AI Article Synopsis

  • Genes are essential for protein synthesis, and accurately identifying translation initiation sites (TIS) is vital for understanding gene regulation and processes.
  • The CapsNet-TIS model is introduced to address limitations in existing methods by using four encoding techniques to extract TIS sequence information and employing multi-scale convolutional neural networks for feature fusion.
  • Additionally, the model integrates a capsule network with enhancements like residual blocks and channel attention to improve feature extraction and sequence data analysis, demonstrating superior performance across various species in comparative evaluations.

Article Abstract

Genes are the basic units of protein synthesis in organisms, and accurately identifying the translation initiation site (TIS) of genes is crucial for understanding the regulation, transcription, and translation processes of genes. However, the existing models cannot adequately extract the feature information in TIS sequences, and they also inadequately capture the complex hierarchical relationships among features.
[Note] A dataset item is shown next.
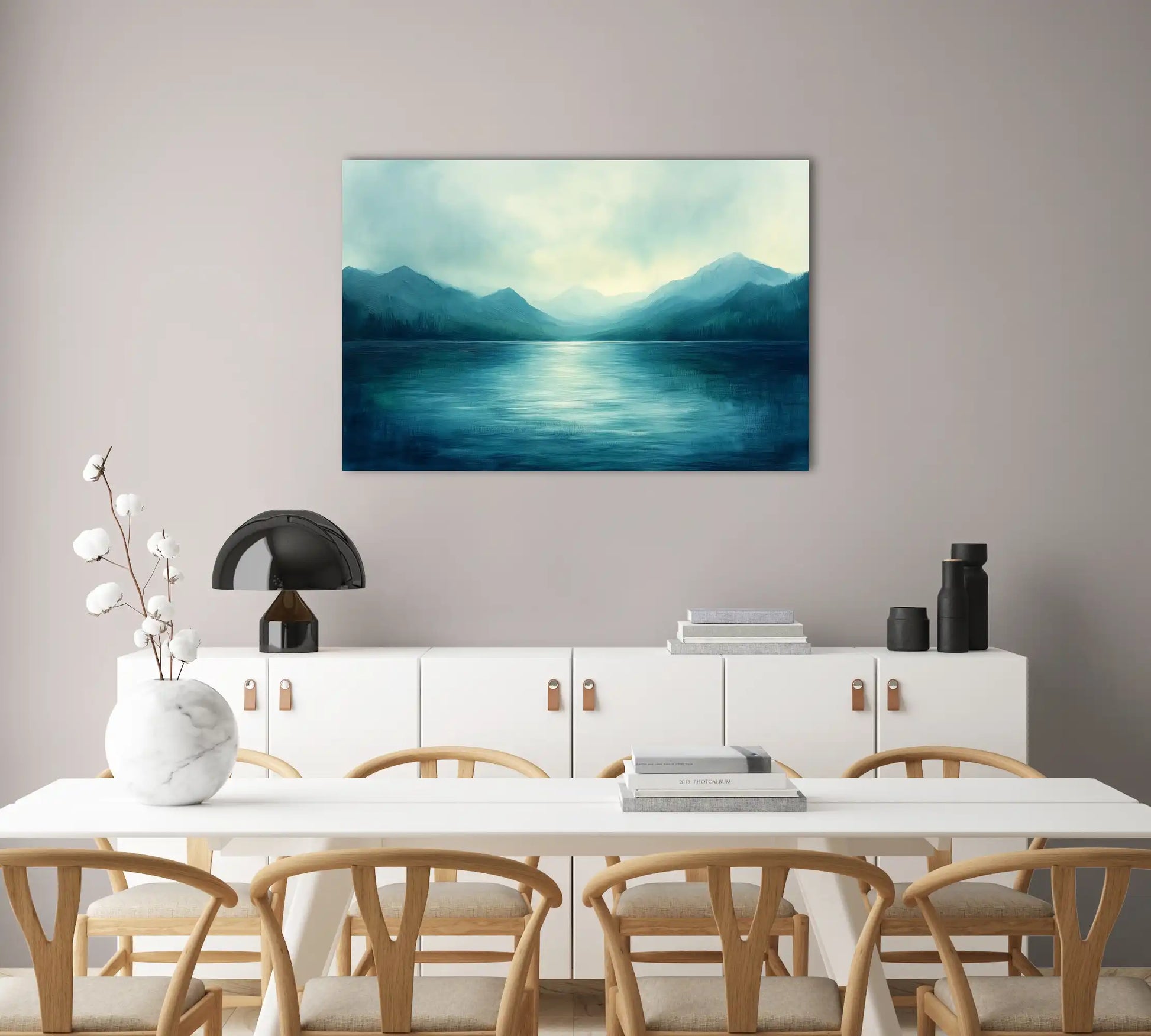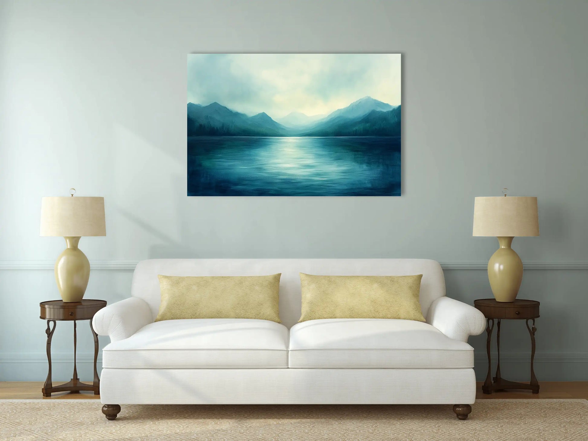 Notre tableau zen Sérénité Bleutée vous transporte dans un paysage de montagne envoûtant où la brume légère enveloppe les sommets majestueux. Cette toile imprimée capture l'instant magique où la lumière douce filtre à travers les nuages pour se refléter sur les eaux paisibles du lac, créant une décoration murale d'une tranquillité absolue. L'horizon lointain et les silhouettes montagneuses invitent à la contemplation et au voyage intérieur.
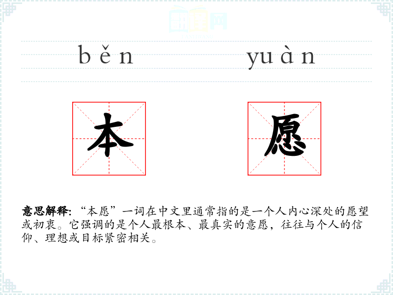“本愿”一词给人以坚定、纯净和深远的情感联想。它让人想到那些为了理想不懈奋斗的人,以及那些在逆境中依然坚守初衷的故事。

Therefore, a novel predictor named CapsNet-TIS is proposed in this paper. CapsNet-TIS first fully extracts the TIS sequence information using four encoding methods, including One-hot encoding, physical structure property (PSP) encoding, nucleotide chemical property (NCP) encoding, and nucleotide density (ND) encoding. Next, multi-scale convolutional neural networks are used to perform feature fusion of the encoded features to enhance the comprehensiveness of the feature representation. Finally, the fused features are classified using capsule network as the main network of the classification model to capture the complex hierarchical relationships among the features. Moreover, we improve the capsule network by introducing residual block, channel attention, and BiLSTM to enhance the model's feature extraction and sequence data modeling capabilities. In this paper, the performance of CapsNet-TIS is evaluated using TIS datasets from four species: human, mouse, bovine, and fruit fly, and the effectiveness of each part is demonstrated by performing ablation experiments. By comparing the experimental results with models proposed by other researchers, the results demonstrate the superior performance of CapsNet-TIS.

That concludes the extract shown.